Two adders. One for $PC + 4$ , one for $PC + 4 + (imm ≪ 2)$ . Both run every cycle.
Multiplexers, everywhere there's a choice. The whole point of the next piece.

No "if" anywhere on that list. No conditional execution. Every box runs every cycle, on whatever bits arrive at its inputs.

Piece 2 — Multiplexers as the hardware "if"

At the gate level there is no branching. A wire carries a bit; it can't decide not to carry one. So when the datapath has a choice — should the ALU's second operand be a register or an immediate? should the register write-back value be the ALU result or a memory load? should the next PC be $PC + 4$ or the branch target? — both candidates are computed in parallel, in their own slabs of silicon, and a multiplexer picks one.

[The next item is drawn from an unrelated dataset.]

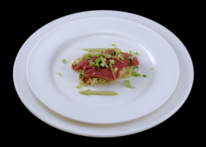 Teryaki van struisvogel met japanse noedels en avocadowasabi-mayonaise

A 2-to-1 mux is just gates. Given inputs $a$ , $b$ , and a 1-bit selector $s$ , the output is $(a AND \overline{s}) OR (b AND s)$ . Wide muxes (32-bit busses) are 32 of these in parallel, sharing the selector wire.

def mux2(a, b, sel):
    """2-to-1 multiplexer, bit-wise. sel=0 picks a, sel=1 picks b.
    Built from gates: out = (a AND NOT sel) OR (b AND sel).
    """
    not_sel = NOT(sel)
    left  = [AND(ai, not_sel) for ai in a]
    right = [AND(bi, sel)     for bi in b]
    return [OR(l, r) for l, r in zip(left, right)]

There are at least four muxes on the main datapath of a basic single-cycle MIPS:

ALUSrc mux. Picks the ALU's second operand: register $r t$ (for R-type) or sign-extended immediate (for I-type loads, stores, addi).
MemToReg mux. Picks what gets written back to the register file: ALU result (R-type, addi) or data memory output (lw).
RegDst mux. Picks which register field is the write destination: $r d$ (R-type) or $r t$ (I-type).
PCSrc mux. Picks the next PC: $PC + 4$ (default) or the branch target (when Branch is asserted and the ALU's zero flag is set).

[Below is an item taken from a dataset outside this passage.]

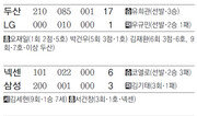 “야구 센스가 좋네.” “직구가 살아 들어오네. 어깨가 싱싱하다.” 12일 서울 목동구장에서 열린 제70회 황금사자기 전국고교야구대회 및 주말리그 왕중왕전 16강 경기를 지켜보던 10개 프로 구단 스카우트들은 일제히 한 선수를 주목했다. 스카우트들은 효천고 유승철(3학년)의 습관과 버릇까지 꼼꼼하게 분석하며 칭찬을 아끼지 않았다. 이날 효천고는 유승철의 투타에 걸친 활약에 힘입어 유신고를 2-1로 누르고 8강에 진출했다. 먼저 기선을 제압한 쪽은 유신고였다. 유신고는 1회말 서기환(3학년)의 안타와 볼넷 2개로 얻은 1사 만루에서 최지원(3학년)의 희생플라이로 1점을 얻었다. 그러나 반격에 나선 효천고는 3회초 양선빈(3학년)의 볼넷, 양인호(2학년)의 안타와 상대 투수의 폭투로 얻은 1사 2, 3루에서 유승철의 적시타로 주자들을 모두 홈으로 불러 들이며 경기를 뒤집었다. 유승철은 선발 투수 강진호(3학년)가 6회말 1사 1, 2루의 위기를 맞자 투수로 마운드에 올라 유신고의 최지원을 병살타로 잡아내며 불을 껐다. 유승철은 이후 최고 147km의 직구와 낙차 큰 커브로 유신고의 추격 의지를 꺾었다. 유승철은 3과 3분의 2이닝 동안 안타를 하나도 내주지 않고 삼진은 7개나 잡아냈다. 지난해까지 포수로 뛰었던 유승철은 올해 투수로 전향해 전반기 주말리그에서 잠재력을 뽐냈다. 4월 주말리그 경기에서는 직구 구속이 150km까지 나왔다. 타석에서도 오른쪽과 왼쪽 타석에 번갈아 나와 날카로운 타구를 만들어내는 재능도 보여줬다. 서창기 효천고 감독은 “포수 자리에서 송구할 때 손목 힘이 눈에 띄어 투수를 시켰다. 투수로 공을 던진 게 5개월 정도 됐다. 아직 다듬는 과정”이라고 말했다. 유승철은 “유신고 타자들이 당겨 쳐 바깥쪽 직구로 승부한 게 통했다”며 “슬라이더와 반 포크볼을 연습하고 있다. kt 김재윤 선배처럼 포수에서 투수로 성공하는 선수가 되고 싶다”고 말했다. 동산고도 마산고를 꺾고 8강에 올랐다. 동산고는 2회초 마산고에 선취점을 내줬지만 2회말 3안타로 동점을 만들었다. 4회말 박유연(3학년)의 2루타와 정수근(3학년)의 적시타로 역전에 성공한 동산고는 5회 2점, 7회 한 점을 추가하며 경기를 마무리했다. 마산용마고도 야탑고를 6-1로 꺾고 8강에 합류했다.유재영기자 elegant@donga.com}

Every one of those muxes is fed by a control signal that the control unit sets based on the opcode. The control unit doesn't do any data movement itself — it just labels, on every cycle, which path through the muxes is the live one.

Piece 3 — One R-type instruction's journey

Trace add $rd, $rs, $rt through the datapath. Every wire I name is a 32-bit bus unless I say otherwise.

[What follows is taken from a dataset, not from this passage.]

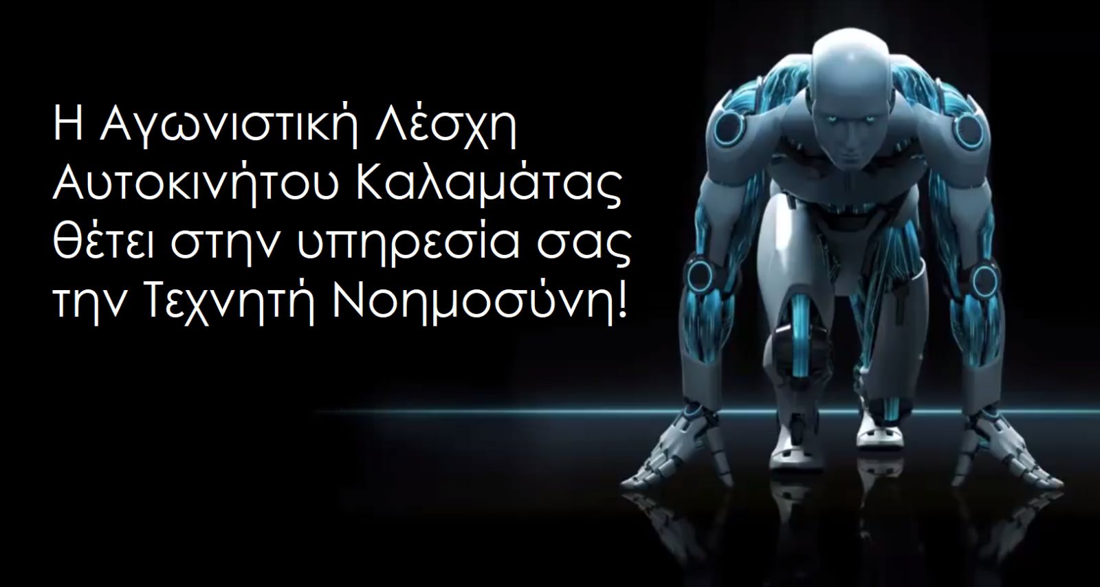 Η Αγωνιστική Λέσχη Αυτοκινήτου Καλαμάτας, θέλει να είναι πάντα πρωτοπόρος στις νέες τεχνολογίες! Για τον λόγο αυτό, ενεργοποιούμε στην ιστοσελίδα μας την ΑΙ τεχνολογία, δηλαδή την Τεχνητή Νοημοσύνη! Είμαστε η πρώτη λέσχη αγώνων αυτοκινήτου στην Ελλάδα -ίσως και στην Ευρώπη και τον υπόλοιπο κόσμο- που εφαρμόζει μία τέτοια υπηρεσία για τους φίλους της, χρήστες του διαδικτύου! Κάθε επισκέπτης της ιστοσελίδας μας, μπορεί να αντλεί πληροφόρηση σχετική με το αντικείμενο δράσης μας, αλληλοεπιδρώντας σε πραγματικό χρόνο με το «ρομποτάκι» μας, το οποίο ονομάσαμε «ΓΙΑΝΝΗ». Ένα ειδικά για τον σκοπό αυτό σύμβολο, εμφανίζεται κάτω δεξιά σε όλες τις σελίδες του ιστοτόπου μας κι όταν το επιλέξετε, αρχίζει η επικοινωνία σας μαζί του. Μπορείτε να υποβάλλετε διάφορα ερωτήματα, για τους αγώνες, για τους κανονισμούς που διέπουν την διοργάνωσή τους και την συμμετοχή των αγωνιζομένων, για την λέσχη μας κι οτιδήποτε άλλο σχετικό ενδιαφέρεστε.

Fetch. The PC register's output drives the instruction memory's address port. The 32-bit instruction comes out. In parallel, an adder computes $PC + 4$ .
Decode. Decode is just bit-slicing — wires tapped off the instruction word. Bits [25:21] are $rs$ , [20:16] are $r t$ , [15:11] are $r d$ , [15:0] would be the immediate. The control unit also reads bits [31:26] (the opcode) and [5:0] (the funct field) and produces its signals.
Register read. $rs$ and $r t$ drive the register file's two read-port address inputs; the file emits the contents of those two registers on its read-data outputs. Call them $A$ and $B$ .
ALU. $A$ goes into the ALU's first operand. $B$ goes into the ALUSrc mux alongside the sign-extended immediate; for an R-type, ALUSrc = 0, so $B$ wins. ALUOp = "add", so the ALU's adder result is what the output mux selects. Out comes $A + B$ .
Memory. Data memory's address port is wired to the ALU output. It reads — but MemRead is 0 for an R-type, so whatever it produces is ignored. MemWrite is also 0, so nothing is written.
Write-back. The MemToReg mux picks between ALU output and memory output. For R-type, MemToReg = 0, so the ALU result goes through. RegWrite = 1, so on the clock edge the register file commits the value to $r d$ .
Next PC. Branch = 0, so the PCSrc mux passes $PC + 4$ . On the clock edge, that becomes the new PC.

Note step 5: the data memory did a read — it had to, because there's no "if" — but the result was thrown away by the write-back mux. That's normal.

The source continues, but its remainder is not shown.